The bedroom opened into the parlour the party had hired, so that both
could come out and meet Sir Amyas with the door ajar, without relaxing
their watch upon the sleeper. The poor young man looked pale, shocked,
and sorrowful. "Well," said he, after having read in their looks that
there was no change, "he knows the worst." Then on a further token of
interrogation, "It may have been my fault; I took him, unannounced,
through the whole suite of rooms, and in the closet at the end, with all
the doors open, she was having an altercation with Mar. He was insisting
on knowing what she had done with"--(he signed towards the other room)
"she, upbraiding him with faithlessness. They were deaf to an approach,
till Mr. Wayland, in a loud voice, ordered me back, saying 'it was no
scene for a son.'"
"I trust it will not end in a challenge?" asked the Major, gravely.
"No, my father's infirmity renders him no fighting man, and I--I may not
challenge my superior officer."
"But your uncle?" said Betty, much fearing that such a scene might have
led to his being forgotten.
"I should have told you. We had not made many steps from hence before
we met poor Jumbo wandering like a dog that had lost his master. Mr.

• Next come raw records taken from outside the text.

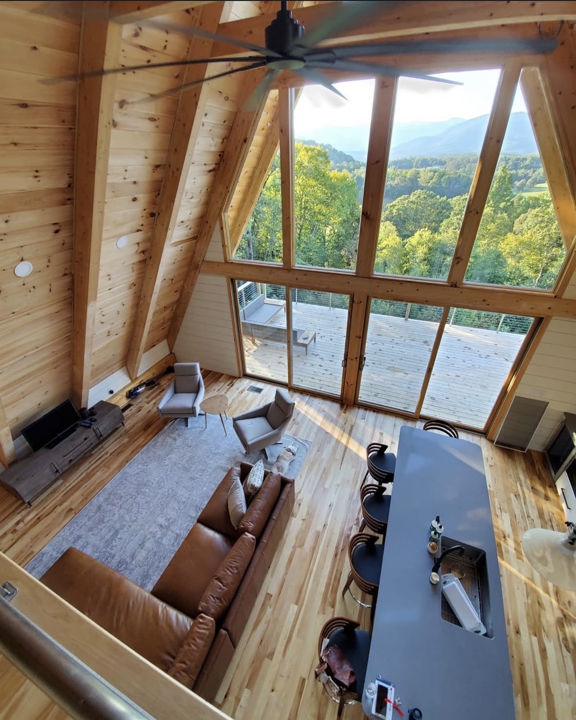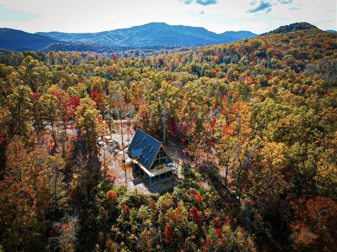 We'll be staying in this beautiful A-frame in the Blue Ridge Mountains, surrounded by the Pisgah National Forest, 30 minutes east of Asheville.
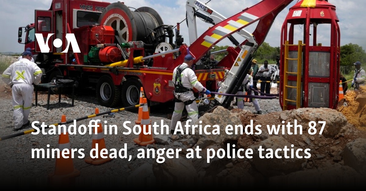 #voanews.com. Standoff in South Africa ends with 87 miners dead, anger at police tactics. Authorities face possible investigation into their initial refusal to help miners and instead 'smoke them out' by cutting off food supplies
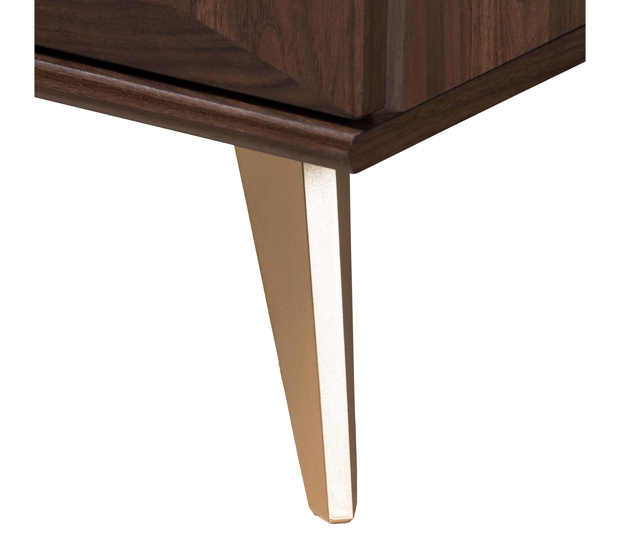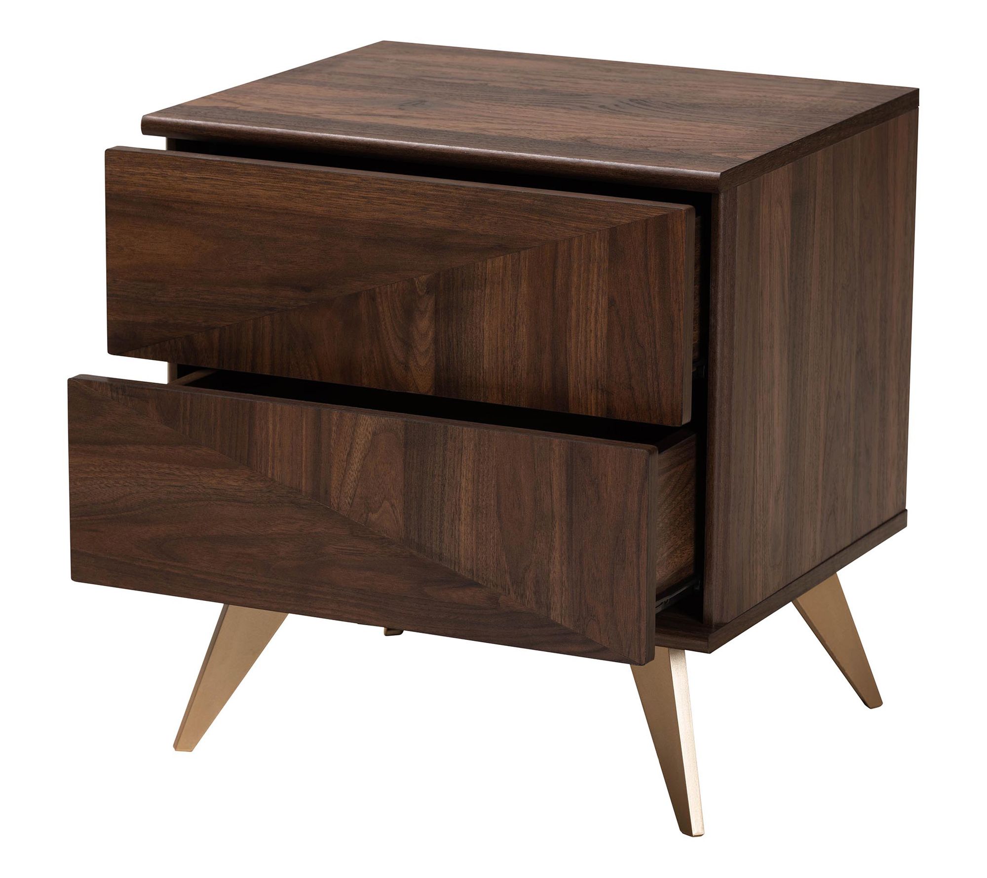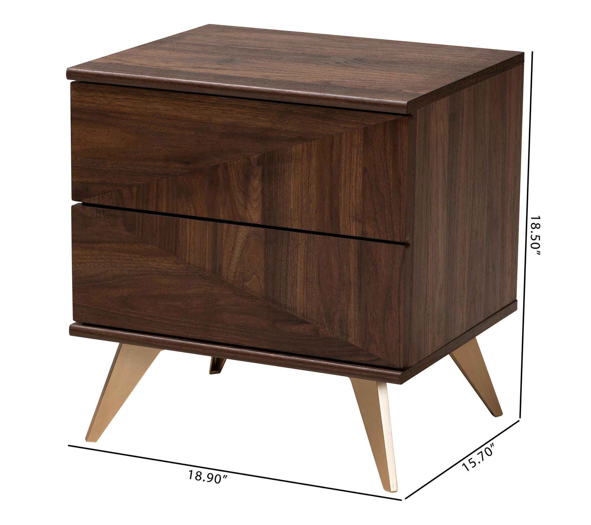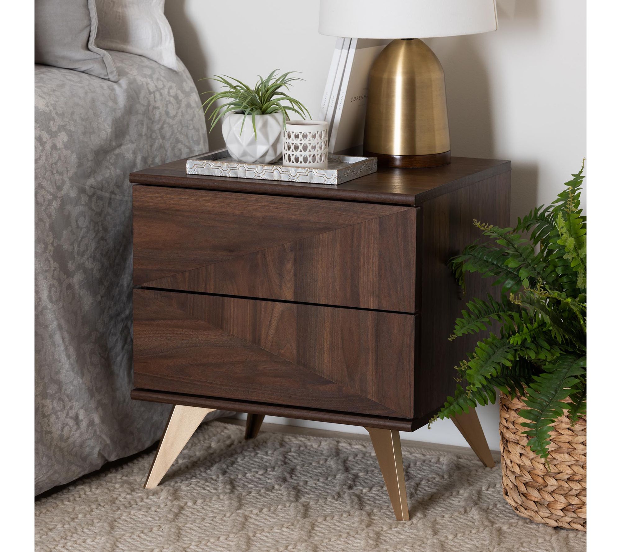 Add a touch of rustic charm to your bedside with the Graceland walnut wood nightstand from Baxton Studio. This mid-century inspired piece features a sturdy wood frame with a vibrant grain design and two handleless drawers for convenient storage. The sleek geometry and expressive angled legs add a modern touch to any bedroom decor. From Baxton Studio.

Belamour had taken the precaution of giving Jumbo the pass-key, and
not taking him into that house (some day I will pull every brick of it
down), so he watched till by and by he saw a coach come out with all the
windows closed, and as his master had bidden him in such a case, he
kept along on the pavement near, and never lost sight of it till he had
tracked it right across the City to a house with iron-barred windows
inside a high wall. There it went in, and he could not follow, but he
asked the people what place it was, and though they jeered at him, he
made out that it was as we feared. Nay, do not be alarmed, sister, he
will soon be with us. My poor father shut me out, and I know not what
passed with my mother, but just as I could wait no longer to return to
my dearest, he came out and told me that he had found out that my uncle
was in a house at Moorfields, and he is gone himself to liberate him.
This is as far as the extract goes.